**MATERIAL SHOWN:**
============

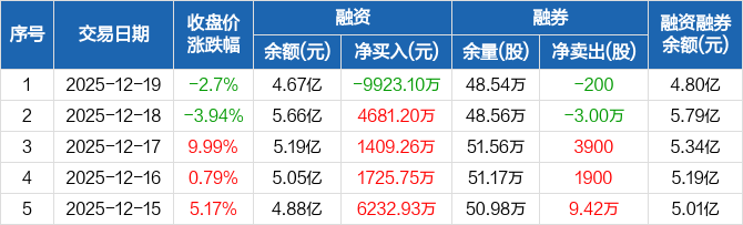 环旭电子:融资净偿还9923.1万元,融资余额4.67亿元(12-19)
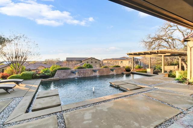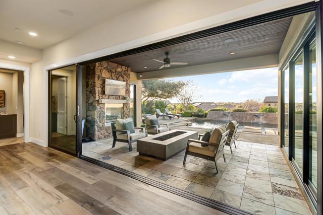 This Luxurious Former Model Home featuring the sought-after Indigo Plan, a TRUE SINGLE-STORY ESTATE offering 4,420 sf of elegant living within the private guard-gated Serrano Golf & Country Club. This fully modernized residence includes 4 bedrooms, 4.5 bathrooms, fireplaces, and a home theater with a sound system. The open floor plan boasts high ceilings, abundant natural light, and oversized patio doors creating seamless indoor-outdoor living. The stunning chef's kitchen is appointed with stainless steel appliances, granite countertops, a professional gas cooktop, expansive center island, custom cabinetry, and two dishwashers, flowing effortlessly into the breakfast nook and formal dining room. A temperature-controlled wine cellar adds a touch of luxury for entertaining. The primary suite is a serene retreat with a spa-inspired ensuite bath. Step outside to a private backyard oasis featuring a pool, foundation, and fully screened covered loggia with fire-pit table. Enjoy the enclosed courtyard, perfect for quiet relaxation. Additional features include owned solar power and a gas generator backup, ensuring comfort and convenience year-round. An exceptional home with so much to offer-come experience it for yourself.
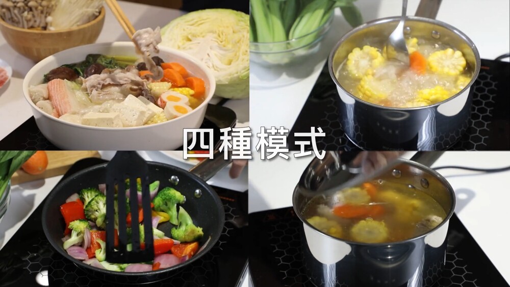 🫕4種烹煮功能,火鍋(煮蒸燒燙)、快炒(炒煎烤炸)、煲湯(燉煲)、保溫(小火慢煮)。
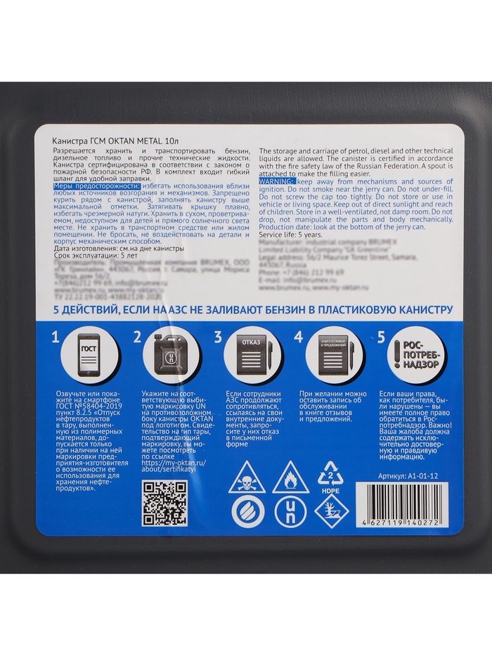 Канистра ГСМ Oktan METAL предназначена для хранения и перевозки топлива (дизель, бензин и прочие технические жидкости).
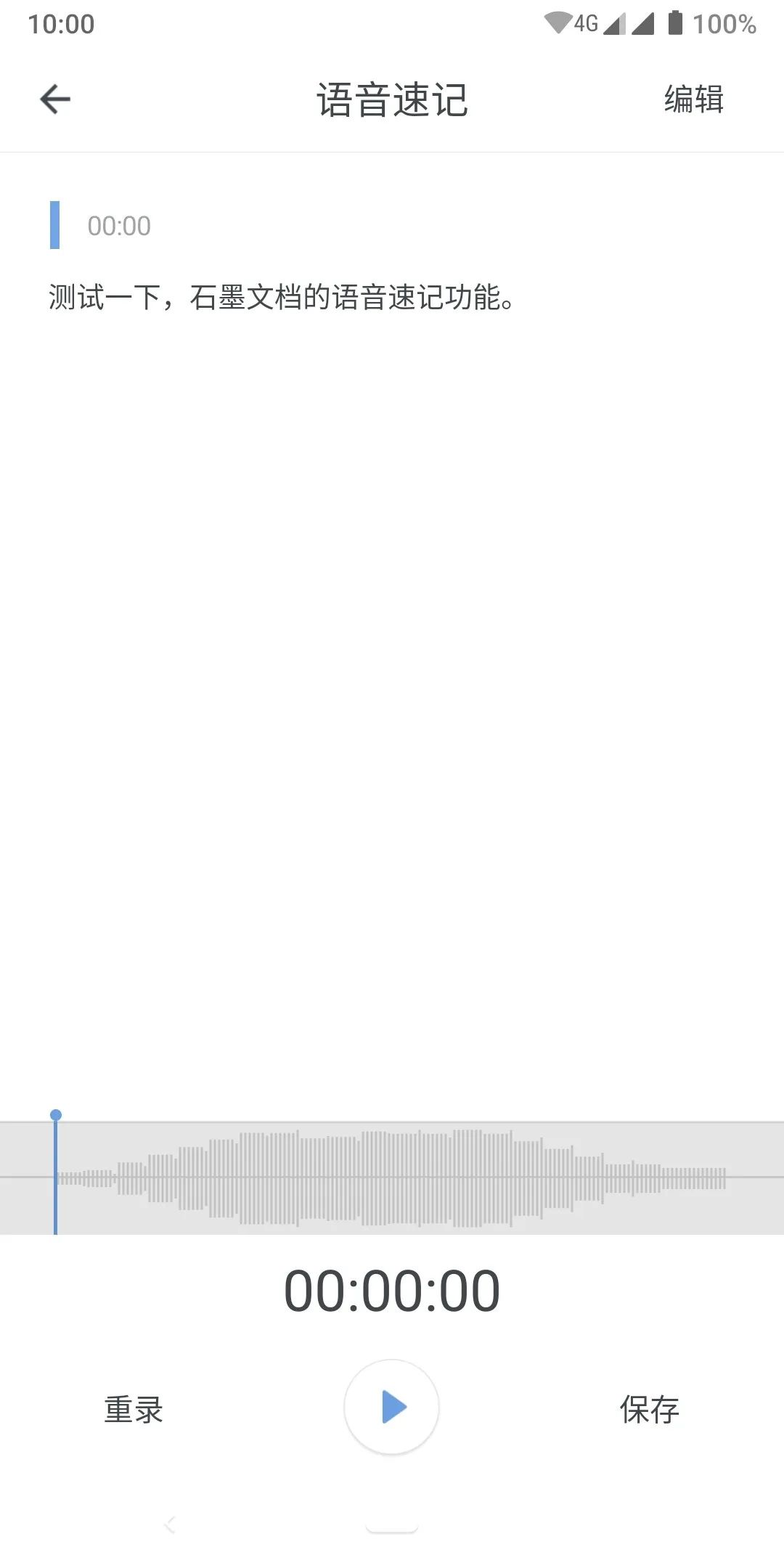 在 App 上,石墨提供了一个名为「语音速记」的特性,简单地说,就是一个自带语音识别的录音机;录音完毕后,音频文件会保存在本地,而识别的文字会自动保存在石墨上。
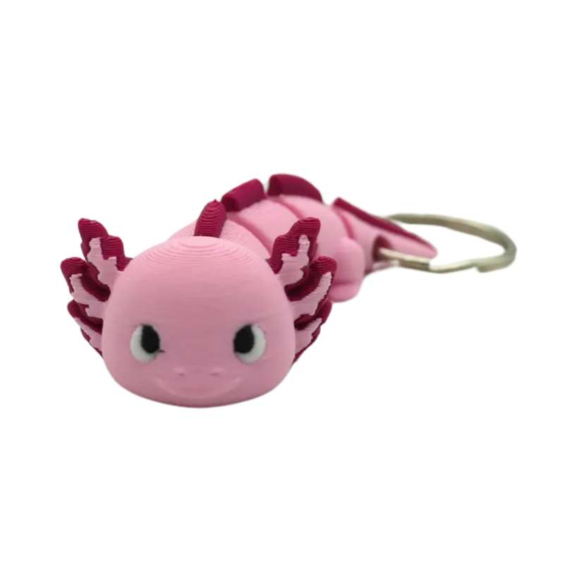 De 3D-geprinte axolotl sleutelhanger die jouw sleutelbos een speelse twist geeft! Dit kleine beestje is volledig flexibel dankzij zijn bewegelijke lijf. Met zijn vriendelijke gezicht en compacte formaat is hij zowel schattig als praktisch.

============

**THE PROBLEM:**
Your task is to give again, unchanged, the lines from the line that contains "This Luxurious Former" to the end of the records. Include both end lines but no pictures.

**RESPONSE BOX:**
 This Luxurious Former Model Home featuring the sought-after Indigo Plan, a TRUE SINGLE-STORY ESTATE offering 4,420 sf of elegant living within the private guard-gated Serrano Golf & Country Club. This fully modernized residence includes 4 bedrooms, 4.5 bathrooms, fireplaces, and a home theater with a sound system. The open floor plan boasts high ceilings, abundant natural light, and oversized patio doors creating seamless indoor-outdoor living. The stunning chef's kitchen is appointed with stainless steel appliances, granite countertops, a professional gas cooktop, expansive center island, custom cabinetry, and two dishwashers, flowing effortlessly into the breakfast nook and formal dining room. A temperature-controlled wine cellar adds a touch of luxury for entertaining. The primary suite is a serene retreat with a spa-inspired ensuite bath. Step outside to a private backyard oasis featuring a pool, foundation, and fully screened covered loggia with fire-pit table. Enjoy the enclosed courtyard, perfect for quiet relaxation. Additional features include owned solar power and a gas generator backup, ensuring comfort and convenience year-round. An exceptional home with so much to offer-come experience it for yourself.
 🫕4種烹煮功能,火鍋(煮蒸燒燙)、快炒(炒煎烤炸)、煲湯(燉煲)、保溫(小火慢煮)。
 Канистра ГСМ Oktan METAL предназначена для хранения и перевозки топлива (дизель, бензин и прочие технические жидкости).
 在 App 上,石墨提供了一个名为「语音速记」的特性,简单地说,就是一个自带语音识别的录音机;录音完毕后,音频文件会保存在本地,而识别的文字会自动保存在石墨上。
 De 3D-geprinte axolotl sleutelhanger die jouw sleutelbos een speelse twist geeft! Dit kleine beestje is volledig flexibel dankzij zijn bewegelijke lijf. Met zijn vriendelijke gezicht en compacte formaat is hij zowel schattig als praktisch.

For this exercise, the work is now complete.